-- Task description --
Produce a word-for-word copy of the listing below without its pictures.

-- Provided material --

____________________

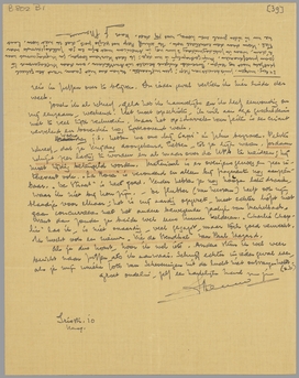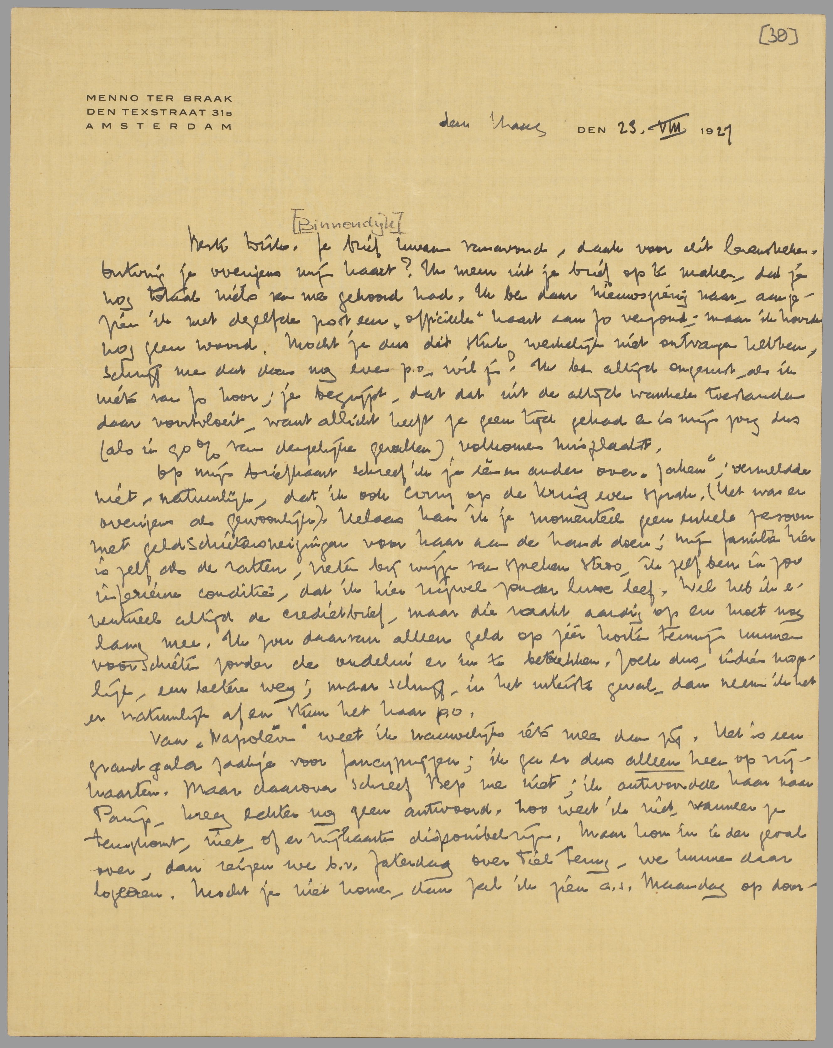 Van ‘Napoleon’ weet ik nauwelijks iets meer dan jij. Het is een grand gala zaakje voor fancyprijzen; ik ga er dus alleen heen op vrijkaarten. Maar daarover schreef Bep me niet; ik antwoordde haar naar Parijs, kreeg echter nog geen antwoord. Zoo weet ik niet, wanneer ze terugkomt, niet, of er vrijkaarten disponibel zijn. Maar kom in ieder geval over, dan reizen we b.v. Zaterdag over Tiel terug, we kunnen daar logeeren. Mocht je niet komen, dan zal ik zien a.s. Maandag op doorreis in Zutfen over te blijven. In ieder geval vertrek ik hier einde der week.
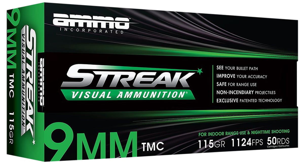 Ammo Inc. STREAK Visual Ammunition’s exclusive and patented technology allows the shooter to visually see the projectile’s path towards its target. STREAK rounds are non-incendiary meaning they don’t generate heat and thus are safe to use in environments where traditional tracers are prohibited and can be a serious fire hazard. The results are game-changing in many aspects for the consumer law enforcement and military. For indoor range use and nighttime shooting.
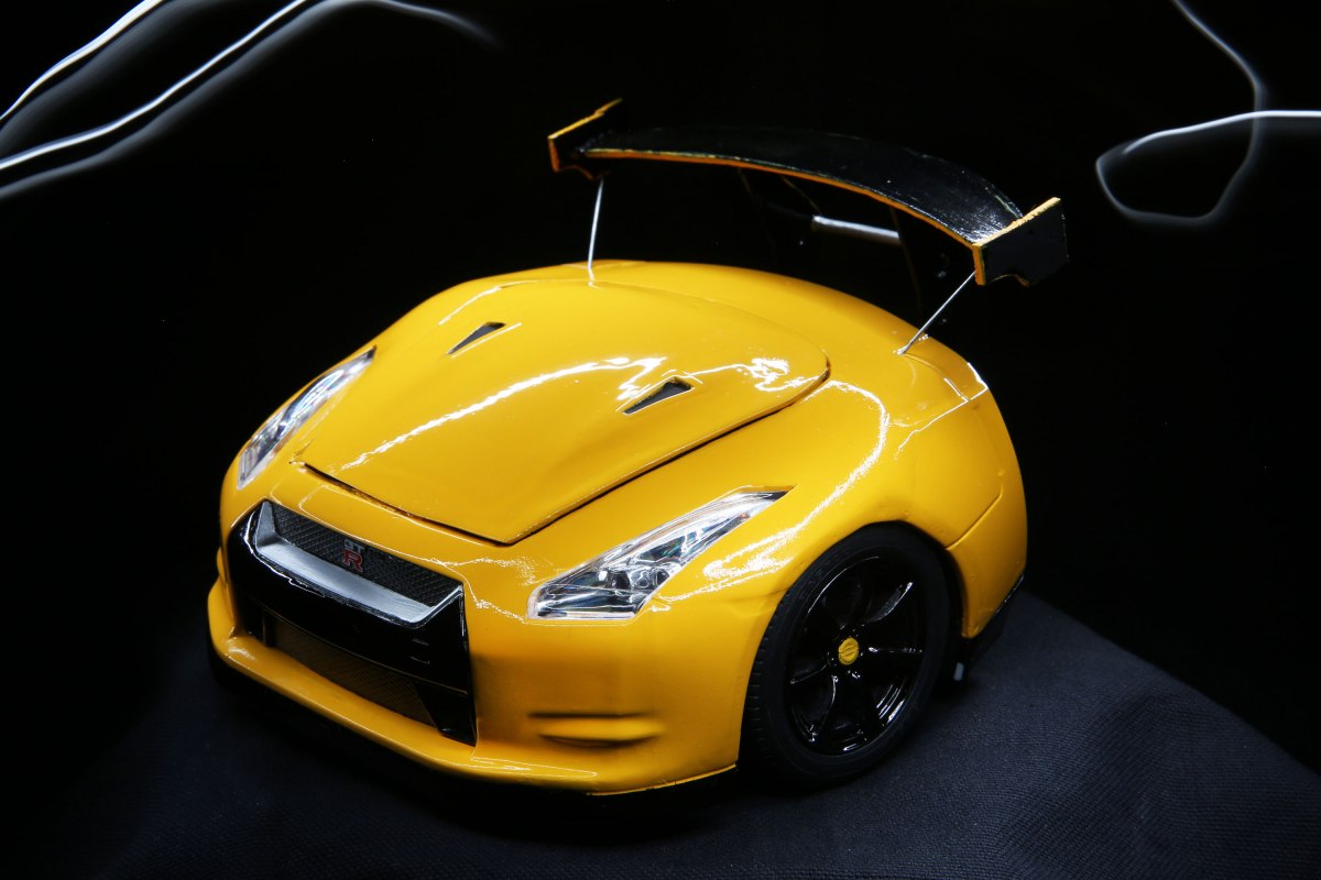 S – Oui c’est vrai ! Les maquettes c’est un délire, un passe-temps. Ça permet de passer sur du réel, sur de la 3D en s’affranchissant de la technique informatique. Ce qui est drôle c’est qu’il y a des gens de l’autre bout du monde qui m’en envoient. Notamment une Skyline Nissan GT-R qu’on m’a envoyée du Texas ! Mais attendez… (Soufyane part quelques instants et revient avec une maquette) C’est une maquette à monter soit même que j’ai traficotée dans mon coin ! C’était amusant, puis j’en ai fait de plus petites à partir de modèles télécommandés !

____________________

-- Answer to the exercise --
 Van ‘Napoleon’ weet ik nauwelijks iets meer dan jij. Het is een grand gala zaakje voor fancyprijzen; ik ga er dus alleen heen op vrijkaarten. Maar daarover schreef Bep me niet; ik antwoordde haar naar Parijs, kreeg echter nog geen antwoord. Zoo weet ik niet, wanneer ze terugkomt, niet, of er vrijkaarten disponibel zijn. Maar kom in ieder geval over, dan reizen we b.v. Zaterdag over Tiel terug, we kunnen daar logeeren. Mocht je niet komen, dan zal ik zien a.s. Maandag op doorreis in Zutfen over te blijven. In ieder geval vertrek ik hier einde der week.
 Ammo Inc. STREAK Visual Ammunition’s exclusive and patented technology allows the shooter to visually see the projectile’s path towards its target. STREAK rounds are non-incendiary meaning they don’t generate heat and thus are safe to use in environments where traditional tracers are prohibited and can be a serious fire hazard. The results are game-changing in many aspects for the consumer law enforcement and military. For indoor range use and nighttime shooting.
 S – Oui c’est vrai ! Les maquettes c’est un délire, un passe-temps. Ça permet de passer sur du réel, sur de la 3D en s’affranchissant de la technique informatique. Ce qui est drôle c’est qu’il y a des gens de l’autre bout du monde qui m’en envoient. Notamment une Skyline Nissan GT-R qu’on m’a envoyée du Texas ! Mais attendez… (Soufyane part quelques instants et revient avec une maquette) C’est une maquette à monter soit même que j’ai traficotée dans mon coin ! C’était amusant, puis j’en ai fait de plus petites à partir de modèles télécommandés !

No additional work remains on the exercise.